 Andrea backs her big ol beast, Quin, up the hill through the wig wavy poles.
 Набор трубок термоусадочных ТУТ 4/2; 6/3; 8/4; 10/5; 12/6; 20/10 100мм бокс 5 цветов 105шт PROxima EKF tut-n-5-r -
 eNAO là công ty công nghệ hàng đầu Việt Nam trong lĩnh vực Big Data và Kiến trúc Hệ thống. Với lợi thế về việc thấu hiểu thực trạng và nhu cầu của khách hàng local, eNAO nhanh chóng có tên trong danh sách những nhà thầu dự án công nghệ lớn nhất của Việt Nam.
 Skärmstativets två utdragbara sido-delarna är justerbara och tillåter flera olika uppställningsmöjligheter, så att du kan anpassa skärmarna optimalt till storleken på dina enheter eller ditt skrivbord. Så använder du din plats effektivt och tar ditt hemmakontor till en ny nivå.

********

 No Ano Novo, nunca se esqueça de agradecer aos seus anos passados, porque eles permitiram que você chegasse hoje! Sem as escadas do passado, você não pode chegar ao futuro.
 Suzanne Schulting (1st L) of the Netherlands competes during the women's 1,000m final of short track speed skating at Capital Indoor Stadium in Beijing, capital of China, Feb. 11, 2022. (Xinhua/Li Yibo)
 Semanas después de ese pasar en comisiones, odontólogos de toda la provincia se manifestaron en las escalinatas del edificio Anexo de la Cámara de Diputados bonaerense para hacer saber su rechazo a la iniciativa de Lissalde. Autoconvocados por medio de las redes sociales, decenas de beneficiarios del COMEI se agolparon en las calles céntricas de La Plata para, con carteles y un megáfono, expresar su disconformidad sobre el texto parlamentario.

********

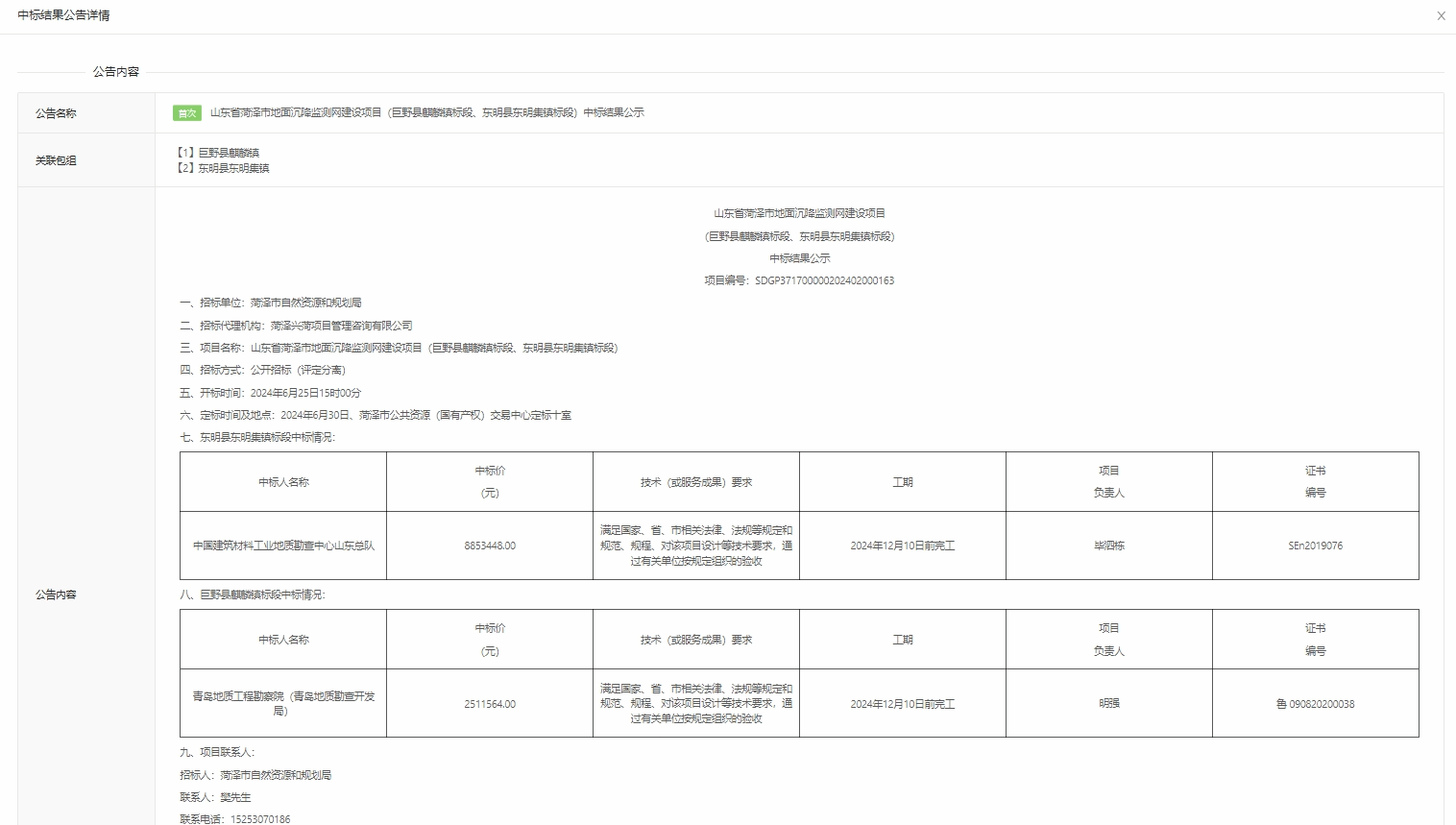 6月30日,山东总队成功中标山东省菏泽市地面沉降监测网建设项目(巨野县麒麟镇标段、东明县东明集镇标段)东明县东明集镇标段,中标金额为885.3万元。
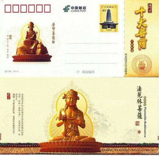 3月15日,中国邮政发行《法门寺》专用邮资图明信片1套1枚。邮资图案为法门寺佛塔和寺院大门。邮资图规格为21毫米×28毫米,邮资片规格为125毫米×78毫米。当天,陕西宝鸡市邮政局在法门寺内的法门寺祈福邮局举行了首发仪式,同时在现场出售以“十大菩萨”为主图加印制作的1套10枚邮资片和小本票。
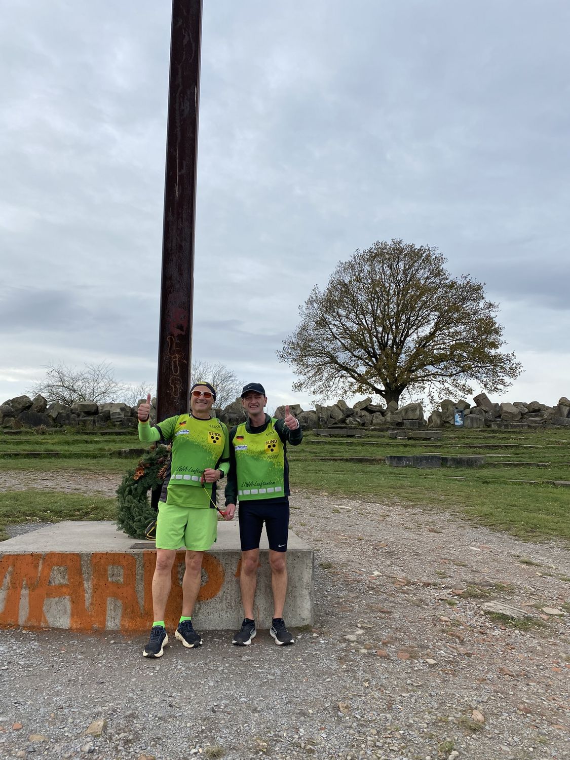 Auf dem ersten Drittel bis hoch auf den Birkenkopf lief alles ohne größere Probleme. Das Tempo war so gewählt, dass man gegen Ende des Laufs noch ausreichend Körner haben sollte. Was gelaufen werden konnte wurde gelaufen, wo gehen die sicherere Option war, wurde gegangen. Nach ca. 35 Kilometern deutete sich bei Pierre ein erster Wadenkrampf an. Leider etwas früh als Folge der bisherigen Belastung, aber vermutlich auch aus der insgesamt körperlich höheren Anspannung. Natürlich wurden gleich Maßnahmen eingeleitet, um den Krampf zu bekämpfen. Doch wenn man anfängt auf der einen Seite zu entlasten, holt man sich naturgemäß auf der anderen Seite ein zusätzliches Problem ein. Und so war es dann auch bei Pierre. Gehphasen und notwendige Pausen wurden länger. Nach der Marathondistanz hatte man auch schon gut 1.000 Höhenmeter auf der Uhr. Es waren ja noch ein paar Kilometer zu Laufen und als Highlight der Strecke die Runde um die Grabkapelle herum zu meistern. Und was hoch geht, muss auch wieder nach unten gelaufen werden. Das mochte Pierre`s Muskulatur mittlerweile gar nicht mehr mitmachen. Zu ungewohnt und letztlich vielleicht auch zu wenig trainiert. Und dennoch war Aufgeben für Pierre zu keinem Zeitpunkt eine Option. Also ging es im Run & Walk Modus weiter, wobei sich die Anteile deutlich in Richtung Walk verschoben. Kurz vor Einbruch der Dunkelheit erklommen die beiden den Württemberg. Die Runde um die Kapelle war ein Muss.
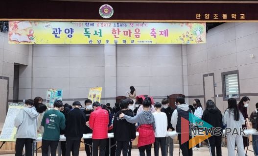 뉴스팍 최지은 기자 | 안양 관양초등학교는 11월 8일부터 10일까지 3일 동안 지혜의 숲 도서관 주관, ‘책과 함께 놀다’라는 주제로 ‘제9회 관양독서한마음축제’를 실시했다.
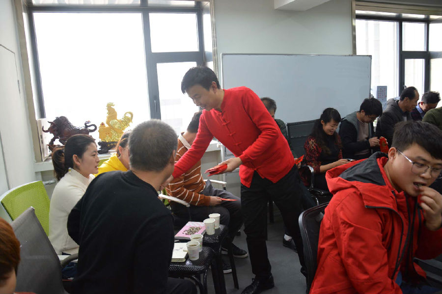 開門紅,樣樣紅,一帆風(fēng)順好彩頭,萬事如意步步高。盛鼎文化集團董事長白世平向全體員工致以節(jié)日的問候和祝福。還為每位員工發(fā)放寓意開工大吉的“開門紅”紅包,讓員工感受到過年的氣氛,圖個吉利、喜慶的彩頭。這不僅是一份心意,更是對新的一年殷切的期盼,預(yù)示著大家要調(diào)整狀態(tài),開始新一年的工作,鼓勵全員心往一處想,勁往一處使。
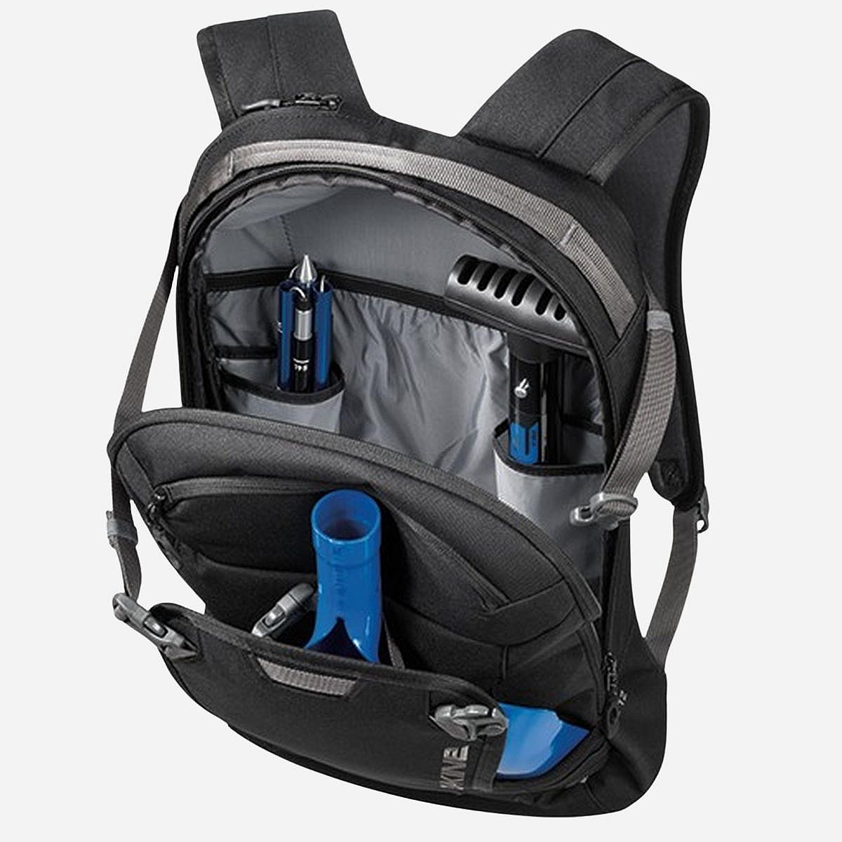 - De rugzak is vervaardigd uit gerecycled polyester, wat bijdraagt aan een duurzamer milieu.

********

** Work to complete **
Above are the records; copy exactly the lines from the line with "Andrea backs her" through the line with "eNAO là công", both included.

** Reply **
 Andrea backs her big ol beast, Quin, up the hill through the wig wavy poles.
 Набор трубок термоусадочных ТУТ 4/2; 6/3; 8/4; 10/5; 12/6; 20/10 100мм бокс 5 цветов 105шт PROxima EKF tut-n-5-r -
 eNAO là công ty công nghệ hàng đầu Việt Nam trong lĩnh vực Big Data và Kiến trúc Hệ thống. Với lợi thế về việc thấu hiểu thực trạng và nhu cầu của khách hàng local, eNAO nhanh chóng có tên trong danh sách những nhà thầu dự án công nghệ lớn nhất của Việt Nam.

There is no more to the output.